As I read through this I couldn’t help but as myself why the federal gov’t is even involved in this stuff. We need the federal gov’t to support dying media outlets and tell us what good journalism is?

I about lost my wig when I read “behavioral rules” for broadcasters or media outlets. Everything after this in the article had me saying “what the fuck” outloud. Anyone know where this Copps guy lives? I would like to whack him over the head with a granite reproduction of the constitution.[/quote]

Absolutely agree.

However, the government may one day have to support newspapers or the like in one way or another. They are absolutely essential, and the cuts that the… “Higher Ups”… have been making are crippling the industry.

And I find it hard to believe that anyone in the government truly wants investigative journalism to thrive.

And by the way, for all the retards who commented after the article about newspapers not having circulation numbers, they need to understand that most of the money comes from advertising, not their 50 fuckin cents.

The advertising dollars aren’t there, and that’s what’s really hurting the profits.

[quote]FightinIrish26 wrote:
And by the way, for all the retards who commented after the article about newspapers not having circulation numbers, they need to understand that most of the money comes from advertising, not their 50 fuckin cents.

The advertising dollars aren’t there, and that’s what’s really hurting the profits.

[/quote]

I’m confused, don’t advertising dollars depend on circulation numbers?

[quote]stokedporcupine8 wrote:
FightinIrish26 wrote:
And by the way, for all the retards who commented after the article about newspapers not having circulation numbers, they need to understand that most of the money comes from advertising, not their 50 fuckin cents.

The advertising dollars aren’t there, and that’s what’s really hurting the profits.

I’m confused, don’t advertising dollars depend on circulation numbers? [/quote]

Stop using logic.

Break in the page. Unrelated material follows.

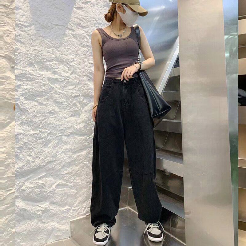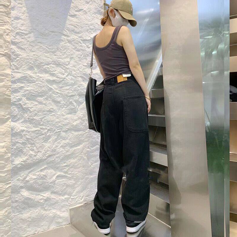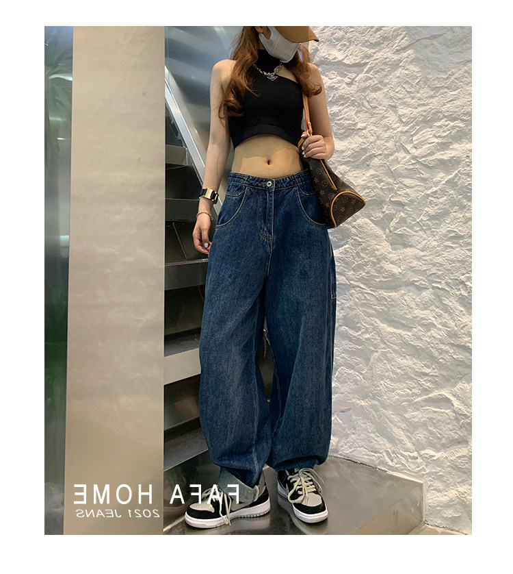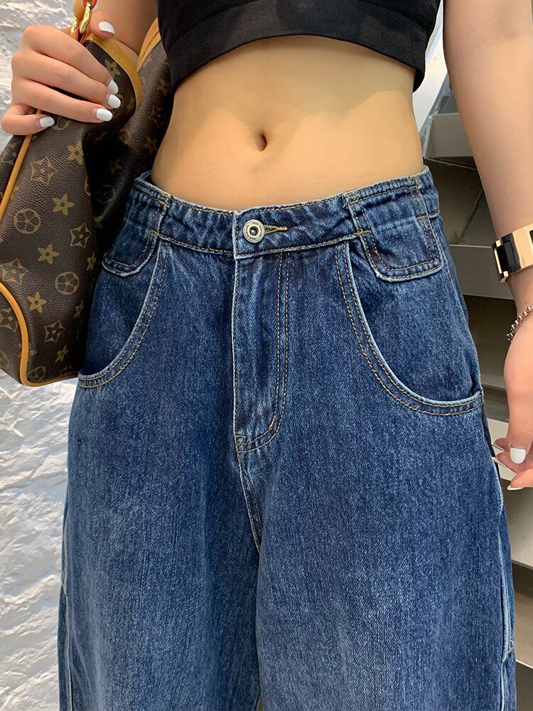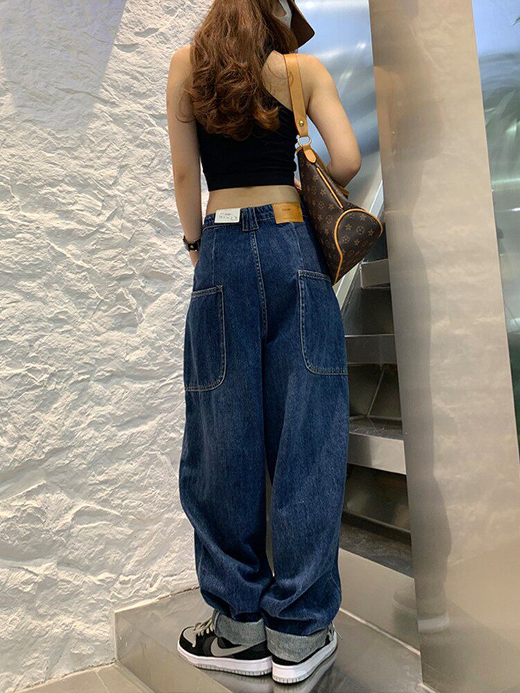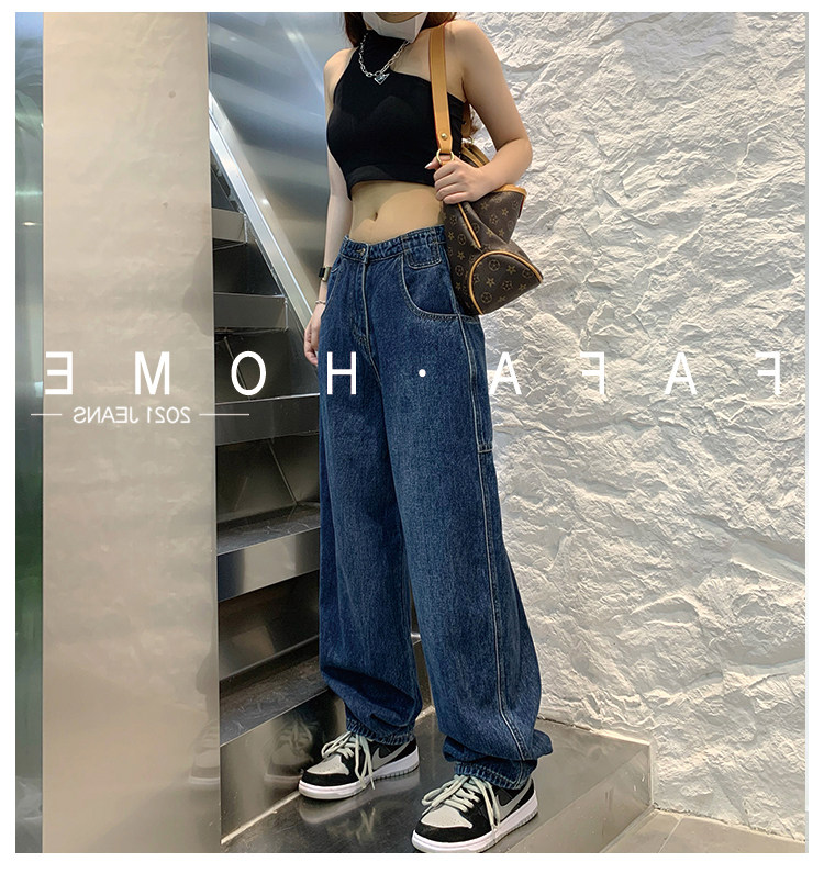 Джинсы, осенние штаны, высокая талия, коллекция 2023, большой размер, свободный прямой крой

You’ll confuse him.

[quote]FightinIrish26 wrote:

However, the government may one day have to support newspapers or the like in one way or another. They are absolutely essential, and the cuts that the… “Higher Ups”… have been making are crippling the industry.[/quote]

What is essential is that citizens have access to information - government doesn’t have to make sure that certain organs deliver it.

If a newspaper’s circulation is low, it could be a number of factors - the least of which is the availability of free news online. But a larger factor in teh “crippling of the industry” is the loss of Public Trust - and if a newspaper begins to lose the trust placed in it by the public, it deserves its fate, even death.

Governments don’t need to support newspapers that the public has turned its back on, and it would be counterproductive anyway - government support would be a further stain on the company’s integrity because of the inevitable assumption that the government is favoring that company for political reasons.

[quote]thunderbolt23 wrote:
<<< further stain on the company’s integrity because of the inevitable assumption that the government is favoring that company for political reasons.[/quote]

And vice versa.

[quote]dhickey wrote:
stokedporcupine8 wrote:
FightinIrish26 wrote:
And by the way, for all the retards who commented after the article about newspapers not having circulation numbers, they need to understand that most of the money comes from advertising, not their 50 fuckin cents.

The advertising dollars aren’t there, and that’s what’s really hurting the profits.

I’m confused, don’t advertising dollars depend on circulation numbers?

Stop using logic. You’ll confuse him.
[/quote]

Go fuck yourself Dick. Talk about shit you know (you know, like… I don’t know, maybe football) and leave the rest alone.

And not particularly. When advertisers can advertise online for way cheaper, they don’t have to bother as much. A big section of lost revenue is from the classified ads… everyone knows that the way to get a job is Monster.com now, not so much the local paper.

The biggest papers in the state still have a circulation of 500,000, but that sure as shit isn’t bringing in the advertisements. They need to find another way of sustaining revenue… which had better mean “Charging for shit on the internet.”

[quote]thunderbolt23 wrote:

What is essential is that citizens have access to information - government doesn’t have to make sure that certain organs deliver it.
[/quote]

OK. So who’s going to provide it?

Nah, it’s not that. I know that’s what you crybaby GOP hacks like to bitch about, the liberal media and all that, but that ain’t it. It’s as I said before- a mixture of shitty advertising numbers mixed with massive cuts caused by inept leadership.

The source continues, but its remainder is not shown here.